The Cyanotype Process
Since this post is getting rather long, I'm going to refer you to an artist who is much more experienced in Cyanotype printing than I. Shari Replogle recently did a video tutorial guest post for StencilGirl® Talk entitled Printing Botanical Cyanotypes on Silk. Her tutorial is captivating, excellent and I highly recommend it. I used her process as the starting point for my cyanotype prints. And if you find yourself hooked like I did, check out Shari’s inspirational online Cyanotypes, the Magic of Alternative Photography workshop.
I did however take some pics of my adventures for you to give you a flavor of the process.
I cut my stencil out of its frame and used it as a vase in my composition. If you’re wondering why the stencil is black, I painted it will black gesso to ensure that the light would not penetrate through it.
It was a cloudy day so the print took a few hours to develop. After three water baths and waiting 24 hours for it to fully oxidized this was the result.

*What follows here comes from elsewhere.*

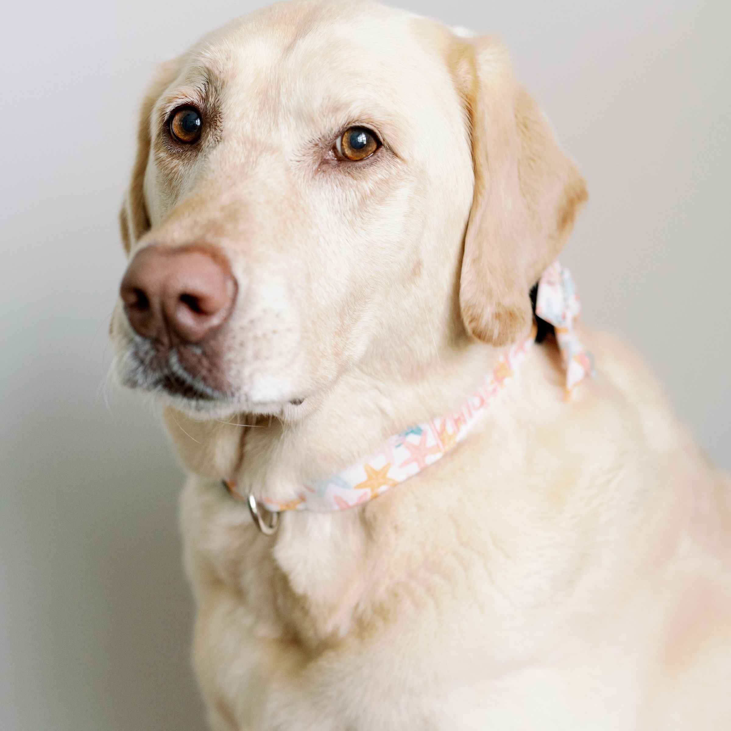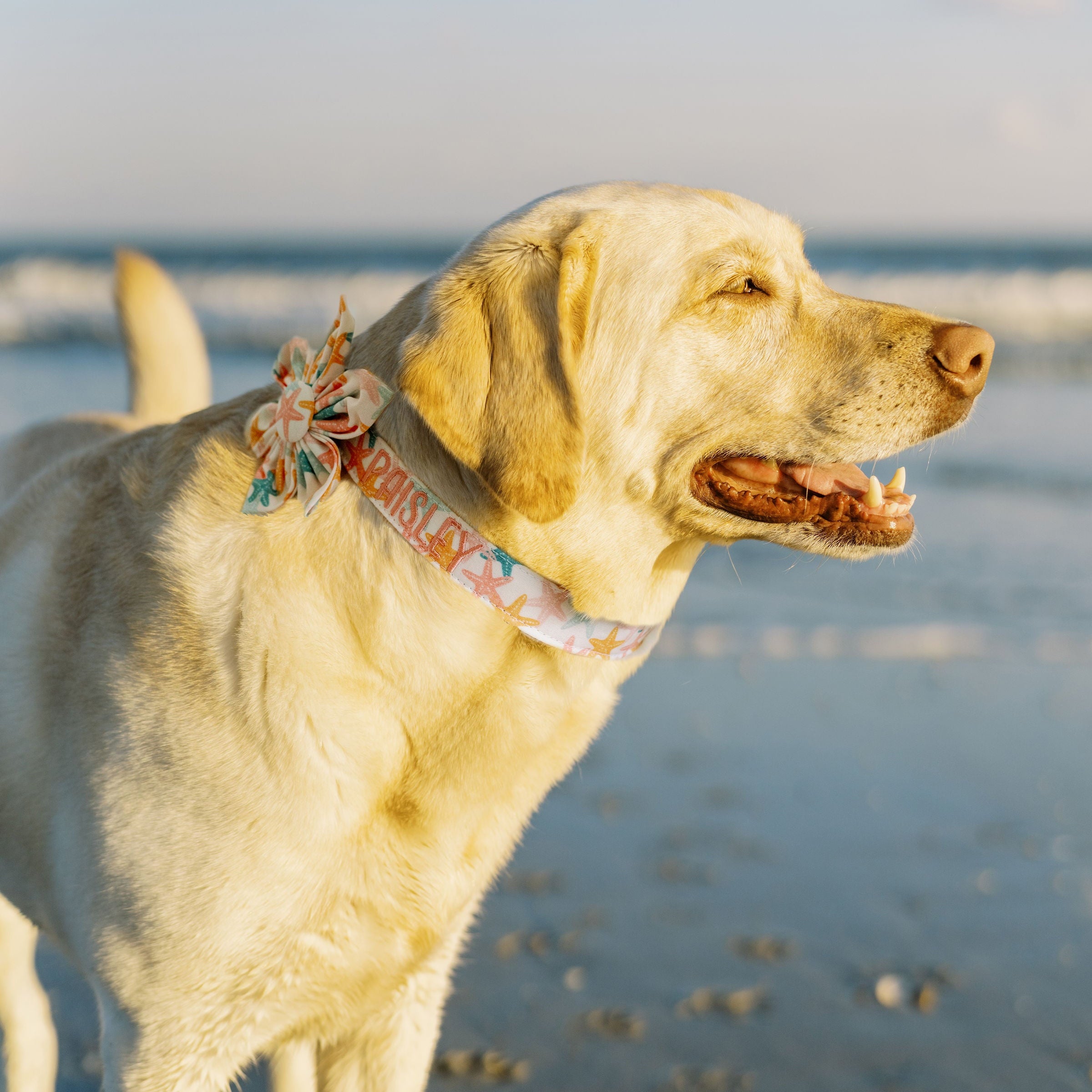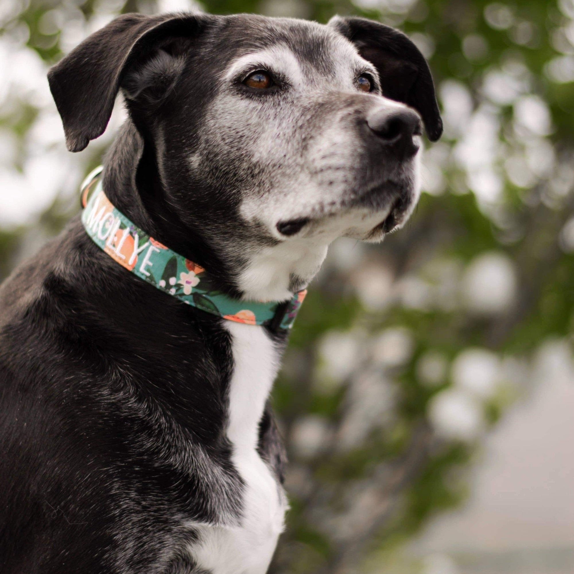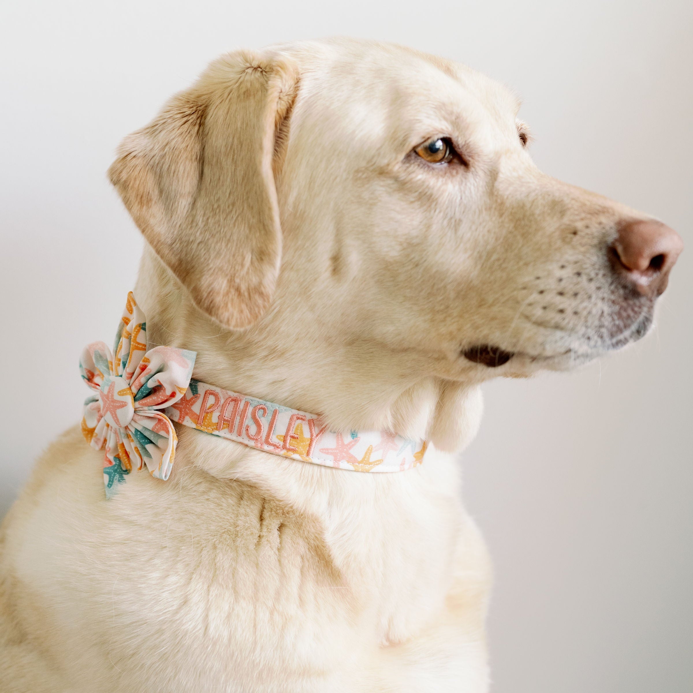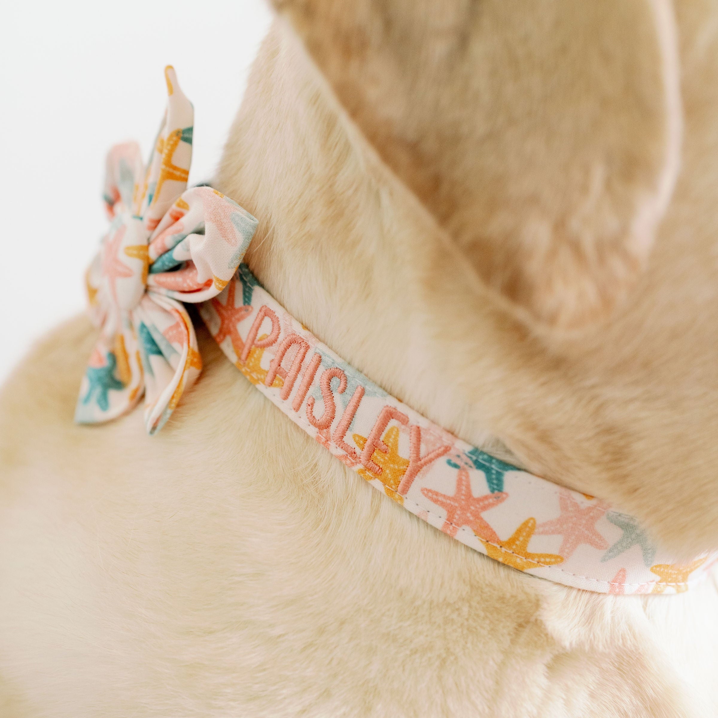 Our personalized embroidered dog collars are head turners! Our designer fabrics paired with your choice of font and thread color make for a great personalized and unique dog collar that shows their personality. Our embroidered dog collars also offer the option to be completed with an engraved buckle which offers more of that personal touch and also safety. Duke & Fox® custom dog collars are perfect for all dog breeds and come in a large variety of sizes. We also have matching collar accessories including leashes, bowties, flowers, and harnesses.

I couldn't resist combining the plant from Rae Missigman's Botanical Wildflower stencil with myJardiniere Stencil and the flower from my Crests Stencil set. It seemed like such a natural. I laid the composition on a napkin treated with the cyanotype solution.
A cyanotype goes through many color changes before it turns to that beautiful blue print blue. The background starts out yellow before being set in the sun to develop.
After about 2 minutes under the sun the background turned green.
And no post of mine would be complete without at least one finished product. I used the print as the centerpiece of this collage and I couldn't be happier with how it turned out.
Many thanks to Shari Replogle for reigniting my love of cyanotype sun prints. I recently took her online Cyanotype, the Magic of Alternative Photography Workshop and was truly blown away with all of the techniques. She took the art so much farther than I ever dreamed existed.
And thank you all for hanging with me through this long post. I hope I've inspired you to get out there and soak up the sun.